In California, since the passage of Proposition 51 (Civil Code §§ 1431 and following) in 1986, defendants in personal injury cases have been liable for non-economic damages only according to their share of “fault” as found by the jury at trial. It is, of course, to the advantage of the defense to have as many entities as possible on the verdict form to whom the jury can attribute “fault” for the plaintiff’s injuries. In 1992, the California Supreme court held that even if employers could not be used, they were entities to whom a share of “fault” could be attributed (DaFonte v. Up-Right, Inc. (1992) 2 Cal.4th 593.) In 2003, a California Appellate Court held that, even if the plaintiff cannot recover damages from the Navy, the Navy is an entity to whom the jury can allocate “fault” (Taylor v. John Crane, Inc. (2003) 113 Cal.App.4th 1063.)

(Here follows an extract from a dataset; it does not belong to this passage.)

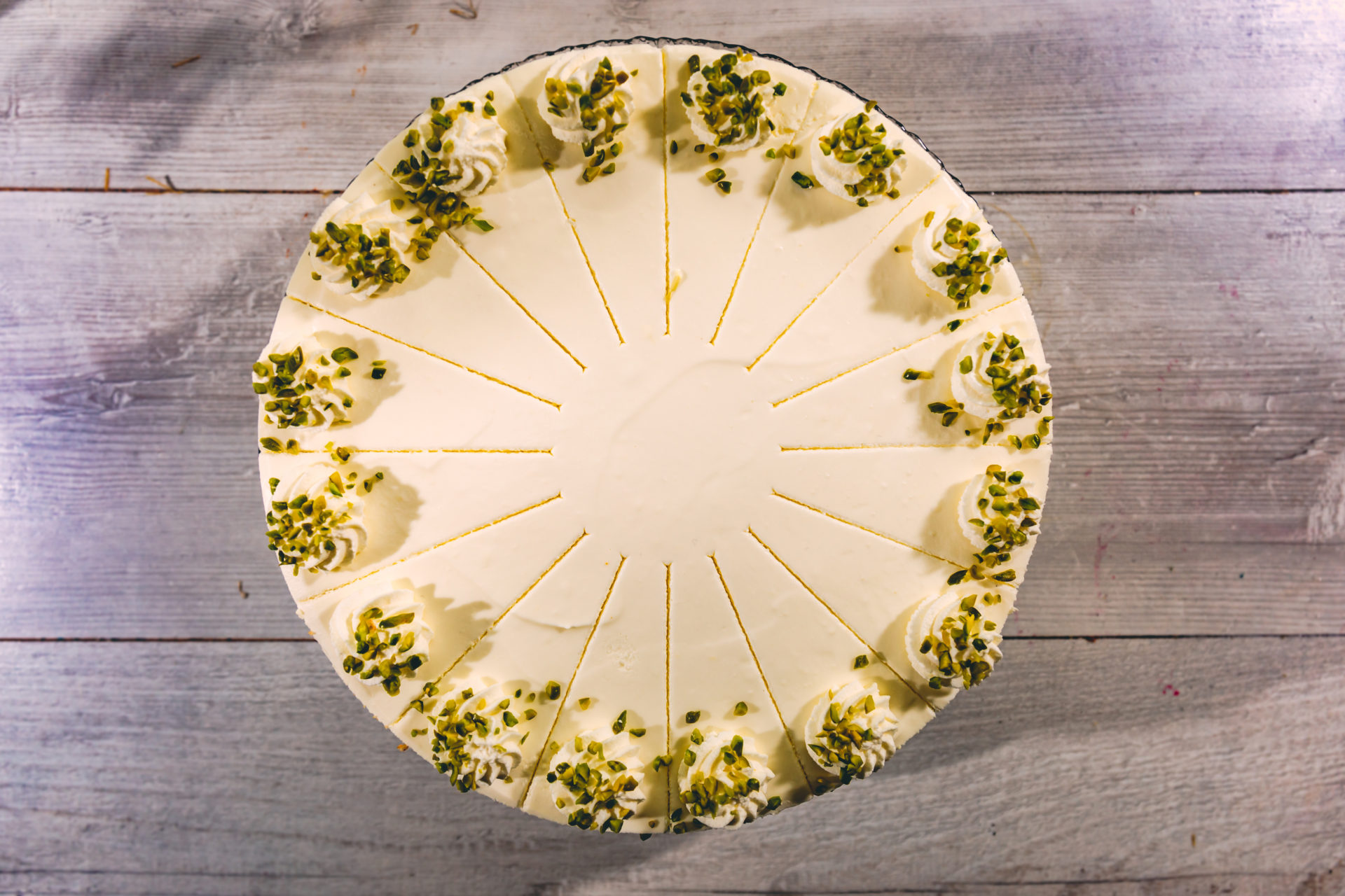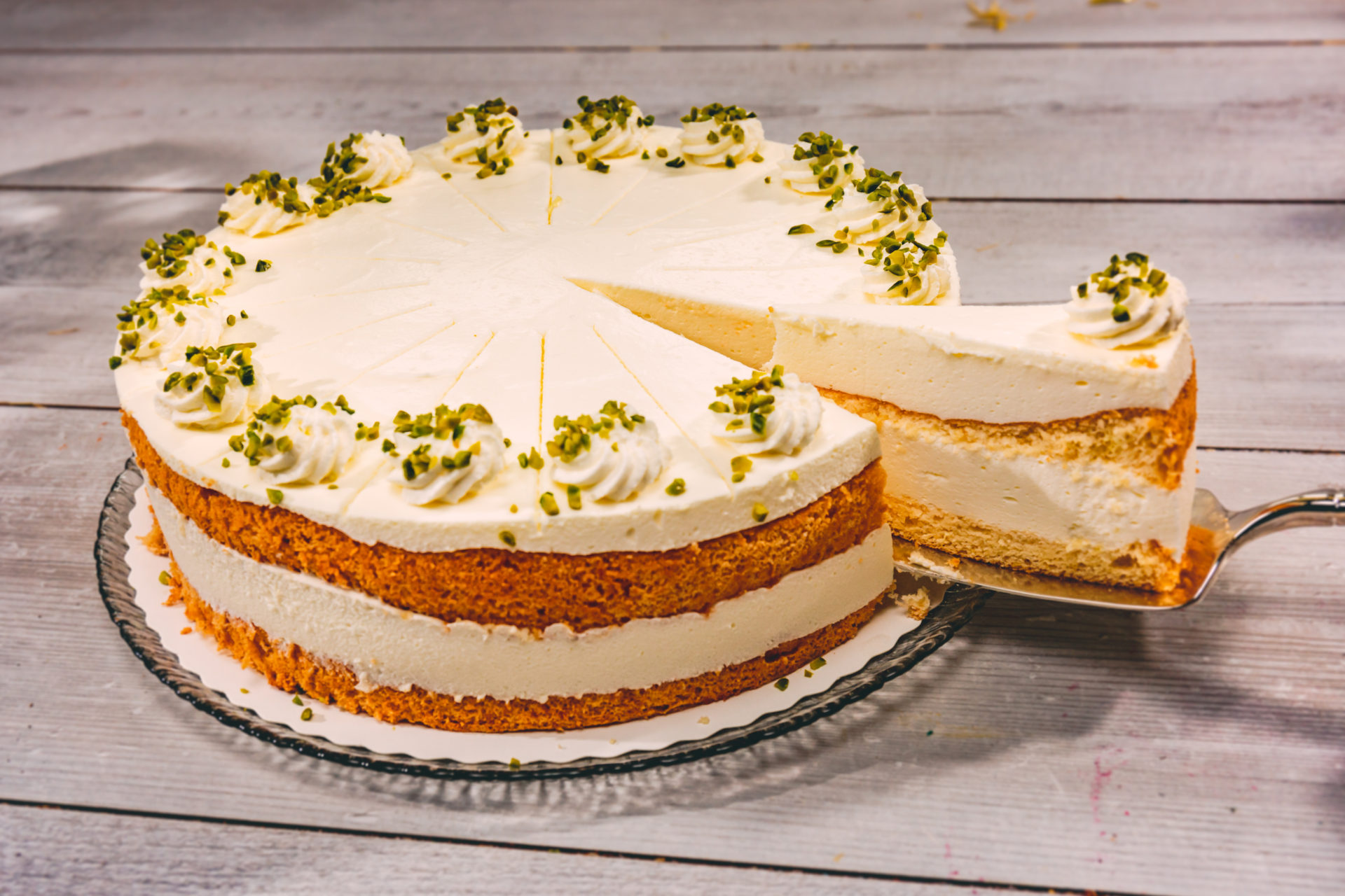 - Die fertige Torte mit geschlagener Sahne und/oder Pistazien verzieren.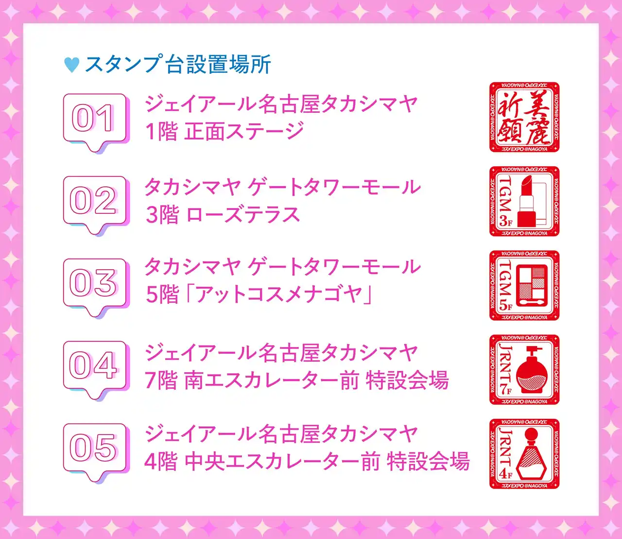ジェイアール名古屋タカシマヤ 1階 正面ステージを起点に、ジェイアール名古屋タカシマヤ、タカシマヤ ゲートタワーモールの各階に設置されたスタンプを御朱印帳に押印 |

In 2008, in a trial in Alameda County Superior Court, plaintiffs’ counsel managed to convince the trial judge that Taylor no longer applied, and after the defendant had offered lots of evidence of Navy fault, the Navy could not be on the verdict form at all.
The plaintiffs in
the most recent case were the wife and daughter of Ulysses Collins, who died of mesothelioma in 2005. He had worked as a welder at the Hunters Point Naval Shipyard from 1960 to 1973, and at Mare Island Naval Shipyard from 1976 to 1994 (from 1973 to 1976, he worked at an oil refinery.) At the close of evidence, plaintiffs’ counsel moved for a directed verdict as to the Navy, arguing that, pursuant to
Munoz v. City of Union City (2007) 148 Cal.App.4th 173, the Navy enjoyed sovereign immunity, without exception, and thus could not be listed on the verdict form. The trial Judge agreed. During deliberations, the jury asked why the Navy did not appear on the verdict form as an entity to whom they could allocate fault, and they were instructed that they could not apportion to the Navy as a matter of law. The jury found Plant Insulation 20% at fault, in a verdict that included $1.8 million in non-economic damages (that’s $360,000 in liability, with no ability for set off), and $1,038,000 in economic damages (I would tell you what the set-off was, but the wording of the decision makes no sense whatsoever.)
Appeal followed, resulting in last week's decision in
Collins v. Plant Insulation Co. (June 3, 2010) ___Cal.App.4th___ Case (California Court of Appeal No. A124268), overturning the trial court’s decision. As the Collins Court explained, the difference between the holding in
Munoz and
Taylor is that the former case held that there was an absence of duty, and thus a true absence of fault, where in the latter instance, there was only a decision that the Navy cannot be sued in civilian court, not an abrogation of fault.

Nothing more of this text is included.